# Task details
Leave every picture out and return the rest of the listing verbatim.

# Recorded information
........
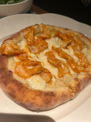 Не плохое место для посещения. Очереди на входе не было, посадили за стол для двоих с ограничением на 1,5 часа. Стол был очень маленький. Заказали много блюд, все на столе еле умещались. Официант очень долго не подходил чтобы принять заказ. Очень был вкусный краб дог с черной игрой. А рыбный сливочный суп, показался недосоленным и в нем плавала большая водоросль, которая не жевалась и ее из тарелки выловить было невозможно,. Очень красивая туалетная зона. Зона гардероба рассчитана под одежду короткой длины, пальто было вешать не удобно.
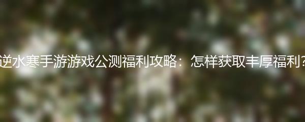 逆水寒手游即将迎来公测,你准备好了吗?参与公测不仅可以体验到精彩的游戏内容,还有丰富的福利等着你!想知道怎样获取逆水寒手游公测福利吗?快来看看小编为你整理的攻略吧!
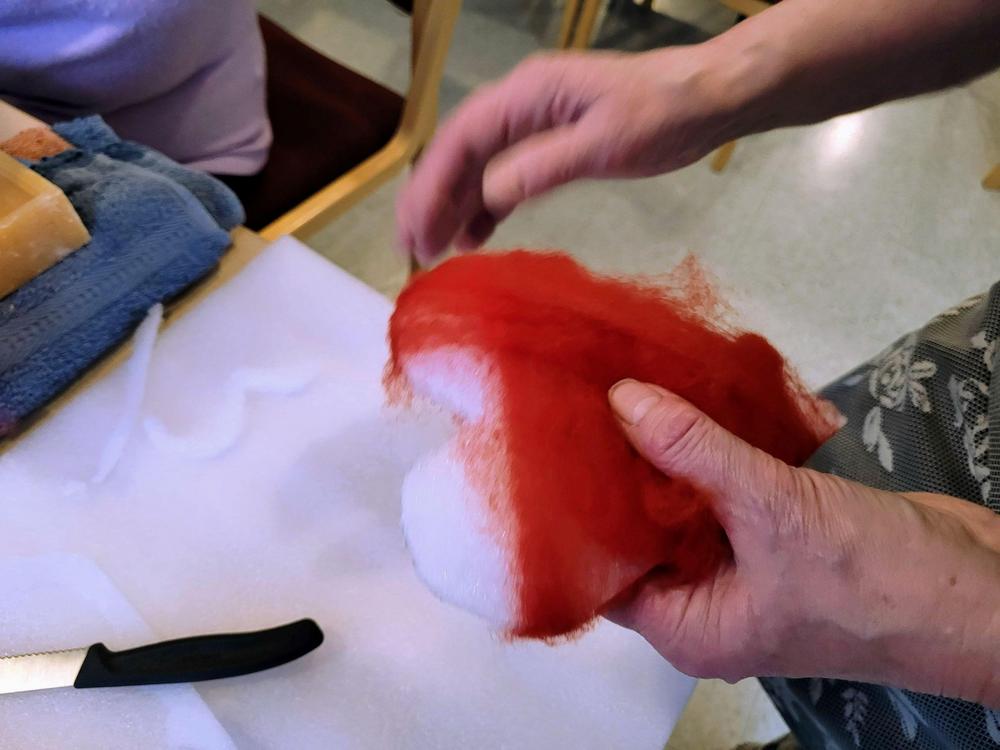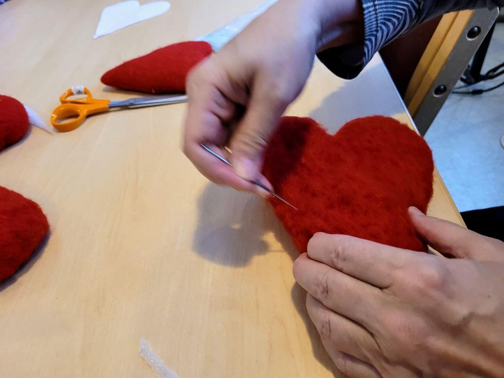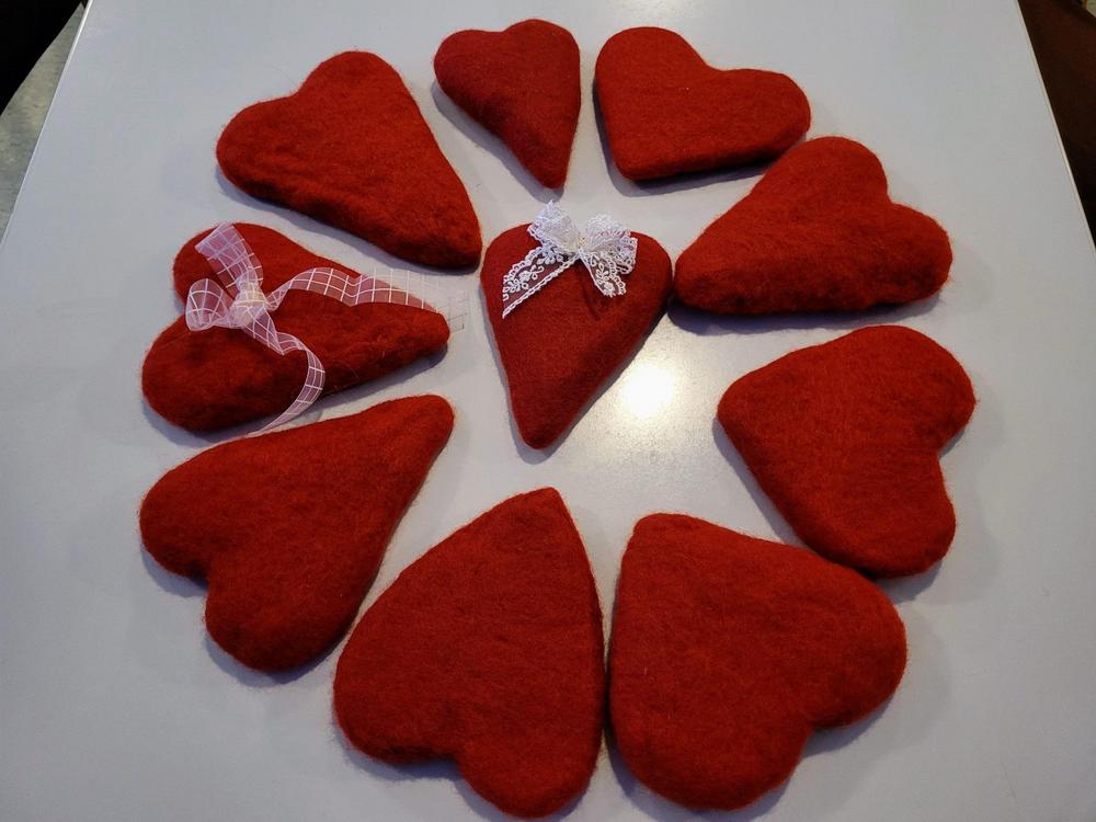 Tämän vuoden viimeisessä käsityökerhossa huovutettiin punaisia sydämiä. Kuvista näkyy, että vaikka muotti oli samanlainen niin luovaa mielikuvitusta ja omia kädentaitoja käyttäen sydämistä saatiin persoonallisia ja keskenään erilaisia. Koska huopasydämet olivat kerhon loppuessa vielä kosteita, jäi loppukoristelu kotitehtäväksi.
........
# Result
 Не плохое место для посещения. Очереди на входе не было, посадили за стол для двоих с ограничением на 1,5 часа. Стол был очень маленький. Заказали много блюд, все на столе еле умещались. Официант очень долго не подходил чтобы принять заказ. Очень был вкусный краб дог с черной игрой. А рыбный сливочный суп, показался недосоленным и в нем плавала большая водоросль, которая не жевалась и ее из тарелки выловить было невозможно,. Очень красивая туалетная зона. Зона гардероба рассчитана под одежду короткой длины, пальто было вешать не удобно.
 逆水寒手游即将迎来公测,你准备好了吗?参与公测不仅可以体验到精彩的游戏内容,还有丰富的福利等着你!想知道怎样获取逆水寒手游公测福利吗?快来看看小编为你整理的攻略吧!
 Tämän vuoden viimeisessä käsityökerhossa huovutettiin punaisia sydämiä. Kuvista näkyy, että vaikka muotti oli samanlainen niin luovaa mielikuvitusta ja omia kädentaitoja käyttäen sydämistä saatiin persoonallisia ja keskenään erilaisia. Koska huopasydämet olivat kerhon loppuessa vielä kosteita, jäi loppukoristelu kotitehtäväksi.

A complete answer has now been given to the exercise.